### STORED DATA
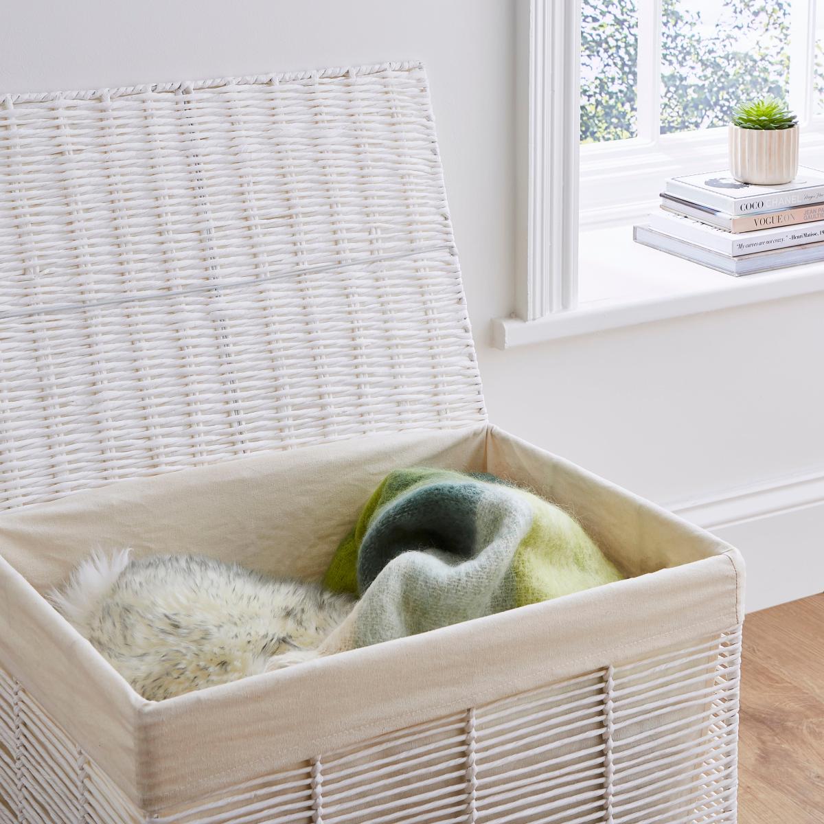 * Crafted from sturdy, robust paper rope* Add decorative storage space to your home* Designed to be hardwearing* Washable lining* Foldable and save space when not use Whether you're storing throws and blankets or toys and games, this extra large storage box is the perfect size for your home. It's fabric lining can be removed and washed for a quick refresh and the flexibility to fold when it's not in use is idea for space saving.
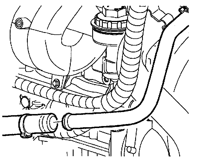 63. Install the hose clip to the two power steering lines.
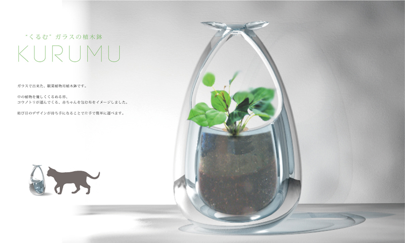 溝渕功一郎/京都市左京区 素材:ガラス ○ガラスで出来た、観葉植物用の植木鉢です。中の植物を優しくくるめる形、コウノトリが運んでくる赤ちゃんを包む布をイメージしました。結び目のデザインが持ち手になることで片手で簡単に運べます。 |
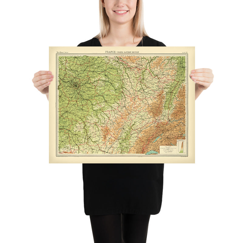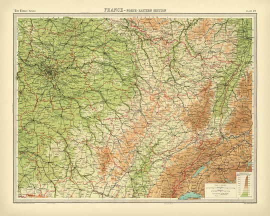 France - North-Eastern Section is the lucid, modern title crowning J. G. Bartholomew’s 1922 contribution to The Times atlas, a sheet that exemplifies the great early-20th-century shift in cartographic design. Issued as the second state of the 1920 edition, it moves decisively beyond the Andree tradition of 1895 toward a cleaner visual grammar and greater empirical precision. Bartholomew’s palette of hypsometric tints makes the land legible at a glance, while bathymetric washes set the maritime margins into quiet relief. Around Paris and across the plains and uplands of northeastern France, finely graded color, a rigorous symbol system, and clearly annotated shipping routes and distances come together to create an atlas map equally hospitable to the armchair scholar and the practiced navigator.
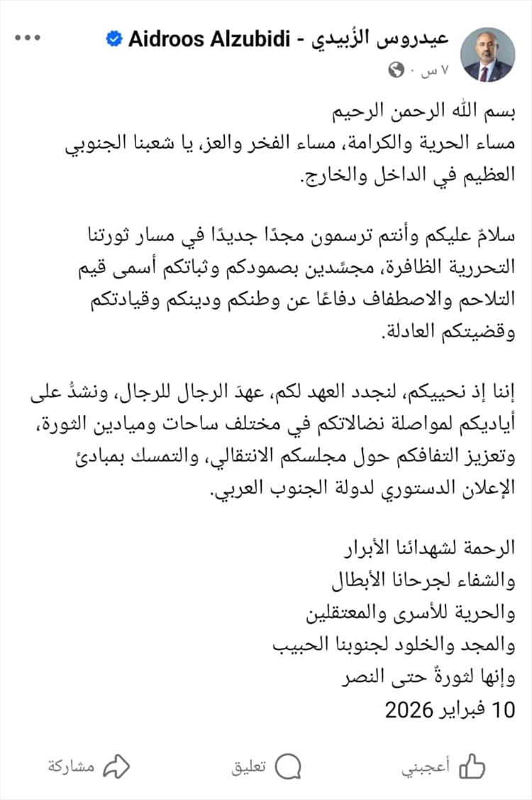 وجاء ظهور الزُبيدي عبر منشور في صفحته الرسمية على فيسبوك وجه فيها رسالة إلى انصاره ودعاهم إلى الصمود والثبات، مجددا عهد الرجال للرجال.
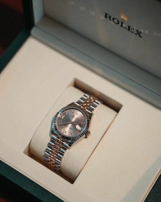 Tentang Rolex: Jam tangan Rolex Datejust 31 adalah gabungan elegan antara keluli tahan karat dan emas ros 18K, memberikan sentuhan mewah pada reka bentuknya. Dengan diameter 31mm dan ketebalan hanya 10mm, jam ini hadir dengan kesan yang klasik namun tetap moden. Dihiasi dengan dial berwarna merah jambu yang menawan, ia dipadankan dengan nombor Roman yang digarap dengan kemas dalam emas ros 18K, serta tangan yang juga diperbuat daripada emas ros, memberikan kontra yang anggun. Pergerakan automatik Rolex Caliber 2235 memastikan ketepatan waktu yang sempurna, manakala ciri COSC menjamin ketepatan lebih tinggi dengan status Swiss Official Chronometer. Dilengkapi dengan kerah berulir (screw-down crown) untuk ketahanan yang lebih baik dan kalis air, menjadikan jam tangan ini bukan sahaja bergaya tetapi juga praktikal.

* * *

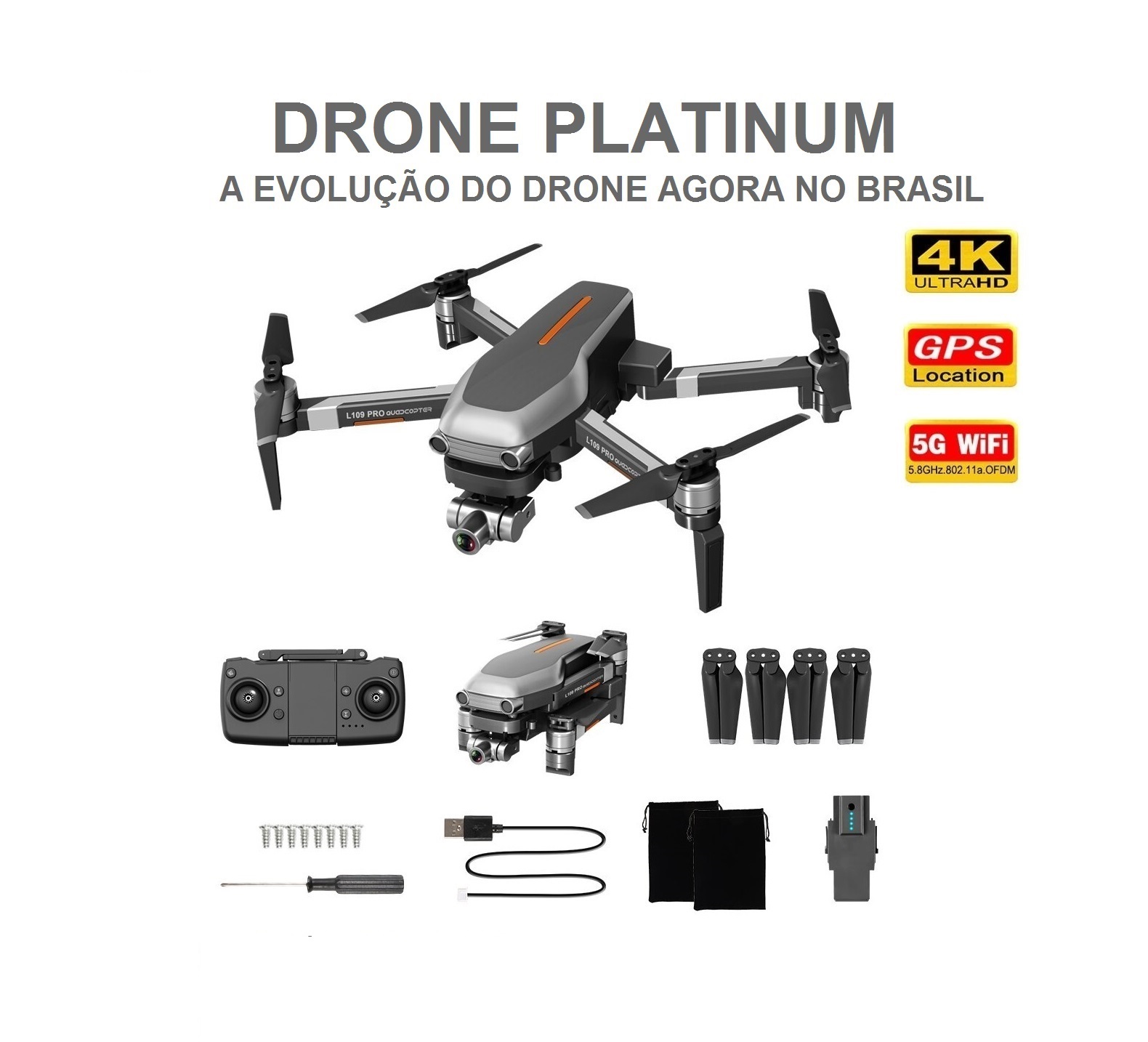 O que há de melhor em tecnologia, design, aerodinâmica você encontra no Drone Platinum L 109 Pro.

### WHAT IS BEING ASKED
Using the records above, return verbatim only the part that opens with the line containing "for space saving." and closes with the line containing "France - North-Eastern"; pictures stay out.

### OUTPUT
 * Crafted from sturdy, robust paper rope* Add decorative storage space to your home* Designed to be hardwearing* Washable lining* Foldable and save space when not use Whether you're storing throws and blankets or toys and games, this extra large storage box is the perfect size for your home. It's fabric lining can be removed and washed for a quick refresh and the flexibility to fold when it's not in use is idea for space saving.
 63. Install the hose clip to the two power steering lines.
 溝渕功一郎/京都市左京区 素材:ガラス ○ガラスで出来た、観葉植物用の植木鉢です。中の植物を優しくくるめる形、コウノトリが運んでくる赤ちゃんを包む布をイメージしました。結び目のデザインが持ち手になることで片手で簡単に運べます。 |
 France - North-Eastern Section is the lucid, modern title crowning J. G. Bartholomew’s 1922 contribution to The Times atlas, a sheet that exemplifies the great early-20th-century shift in cartographic design. Issued as the second state of the 1920 edition, it moves decisively beyond the Andree tradition of 1895 toward a cleaner visual grammar and greater empirical precision. Bartholomew’s palette of hypsometric tints makes the land legible at a glance, while bathymetric washes set the maritime margins into quiet relief. Around Paris and across the plains and uplands of northeastern France, finely graded color, a rigorous symbol system, and clearly annotated shipping routes and distances come together to create an atlas map equally hospitable to the armchair scholar and the practiced navigator.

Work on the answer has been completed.